Je suis intervenu la semaine dernière à une conférence ClubNet sur l’open innovation. J’ai eu l’occasion de discuter avec Marc Lopez d’un sujet très intéressant : l’abandon du terme RSE au profit de RCE (« Réseau Collaboratif d’entreprise« ). Ce changement de terme est intéressant plus d’un titre :
- L’acronyme RSE est avant tout utilisé pour désigner la « Responsabilité Sociale de l’Entreprise« . Ceci pose de gros problèmes, notamment quand vous faites des recherches dans Google.
- Le terme « RSE » est utilisé à toutes les sauces et de façon générique pour désigner un outil interne 2.0, alors que la fonction de réseau social d’entreprise ne couvre généralement qu’une petite partie de ce que les social softwares proposent.
- Avec l’avènement de Facebook ou LinkedIn, les collaborateurs ont maintenant atteint la maturité suffisante pour passer à l’étape suivante (commencer à collaborer différemment une fois que l’on a identifié la bonne personne).
Même s’ils sont une brique essentielle de l’Entreprise 2.0, les réseaux sociaux d’entreprise servent avant tout à identifier la bonne personne, mais ils ne prennent pas en charge la collaboration à proprement parlé. C’est là où le terme « RSE » atteint ses limites. Je ne suis d’ailleurs pas le seul ni le premier à le dire : La fin des réseaux sociaux d’entreprise ? Comme précisé plus haut, le RSE n’est donc qu’une brique du système d’information, au même titre que le système de messagerie.

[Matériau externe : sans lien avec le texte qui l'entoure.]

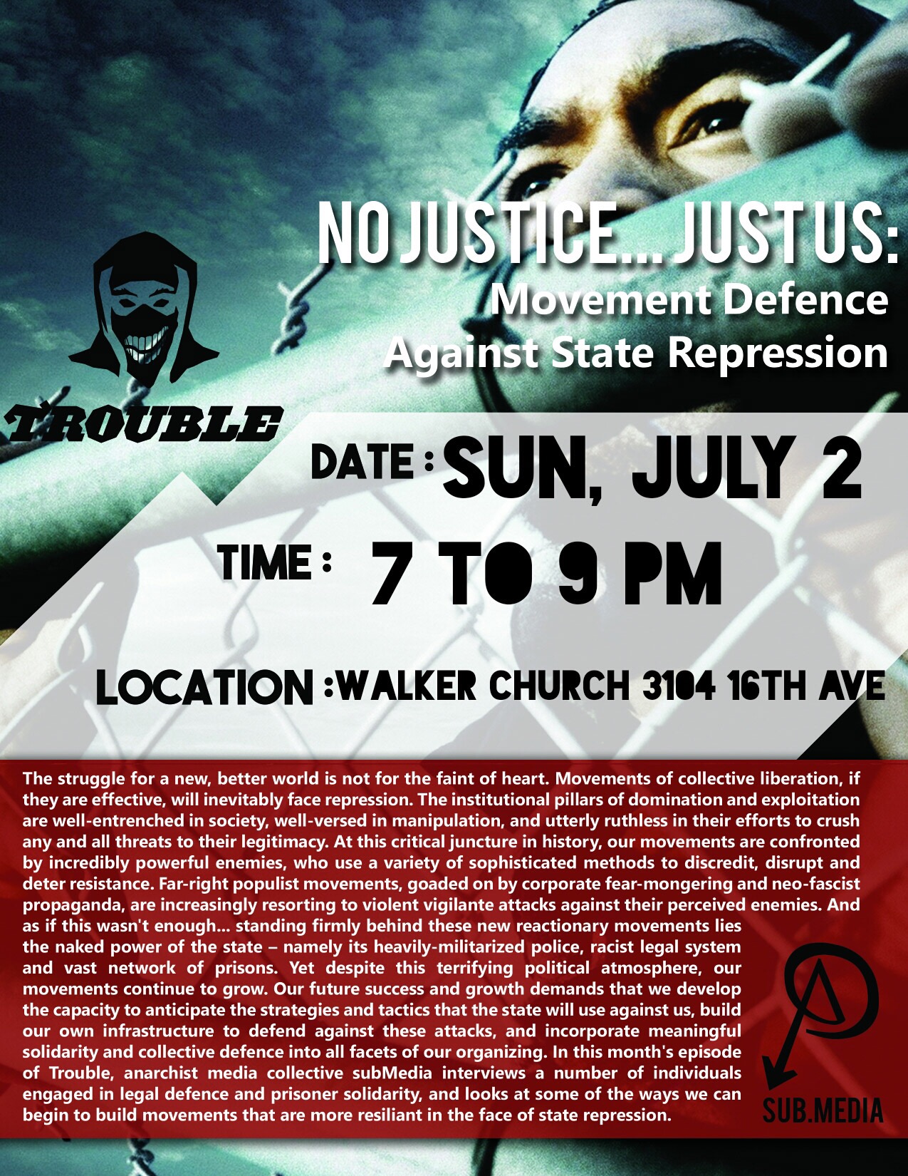 The struggle for a new, better world is not for the faint of heart. Movements of collective liberation, if they are effective, will inevitably face repression. The institutional pillars of domination and exploitation are well-entrenched in society, well-versed in manipulation, and utterly ruthless in their efforts to crush any and all threats to their legitimacy. At this critical juncture in history, our movements are confronted by incredibly powerful enemies, who use a variety of sophisticated methods to discredit, disrupt and deter resistance. Far-right populist movements, goaded on by corporate fear-mongering and neo-fascist propaganda, are increasingly resorting to violent vigilante attacks against their perceived enemies. And as if this wasn’t enough… standing firmly behind these new reactionary movements lies the naked power of the state – namely its heavily-militarized police, racist legal system and vast network of prisons. Yet despite this terrifying political atmosphere, our movements continue to grow. Our future success and growth demands that we develop the capacity to anticipate the strategies and tactics that the state will use against us, build our own infrastructure to defend against these attacks, and incorporate meaningful solidarity and collective defense into all facets of our organizing. In this month’s episode of Trouble, anarchist media collective subMedia interviews a number of individuals engaged in legal defense and prisoner solidarity, and looks at some of the ways we can begin to build movements that are more resilient in the face of state repression.

L’enjeu de cette nouvelle terminologie est de mieux éduquer les collaborateurs, mais également le marché. Les solutions de réseau social d’entreprise vont ainsi servir aux collaborateurs à se constituer en groupes affinitaires ou en communautés de pratiques. Dans un second temps, ils vont chercher un outil, un support, pour pouvoir faire ce qu’ils sont censés faire. La dimension « sociale » n’intervient plus vraiment dans cette seconde phase, car il s’agit vraiment d’effectuer un travail. La notion de travail collaboratif désigne ainsi un travail qui n’est plus fondé sur l’organisation hiérarchisée traditionnelle, et où collaborent de nombreuses personnes, sans division fixe des tâches, grâce aux technologies de l’information et de la communication. La nature exacte de ce support de collaboration varie en fonction du contexte (activité quotidienne et normée, projet, capitalisation des connaissances…), mais il n’est plus question de rentrer en contact.
L’autre faiblesse du terme « RSE » est la notion d’entreprise. La réalité de la collaboration telle que la vie la plus grande partie des collaborateurs est qu’elle ne se limite pas aux frontières de l’entreprise. La collaboration implique très généralement d’autres acteurs que vos collègues : sous-traitants, prestataires, partenaires… Restreindre la collaboration à l’entreprise revient à ignorer les écosystèmes collaboratifs qui se forment spontanément ou de façon plus formelle. Certains parlent de réseau collaboratif interne ou étendu.
Voilà, j’espère vous avoir convaincu d’utiliser le terme « RSE » à bon escient et de ne plus propager l’amalgame qui est fait avec la grande famille des social softwares, dont je vous propose au passage ma définition : une plateforme logicielle favorisant la communication en groupe, la fédération de communautés internes, le travail collaboratif, la création collective… à l’aide d’outils en ligne.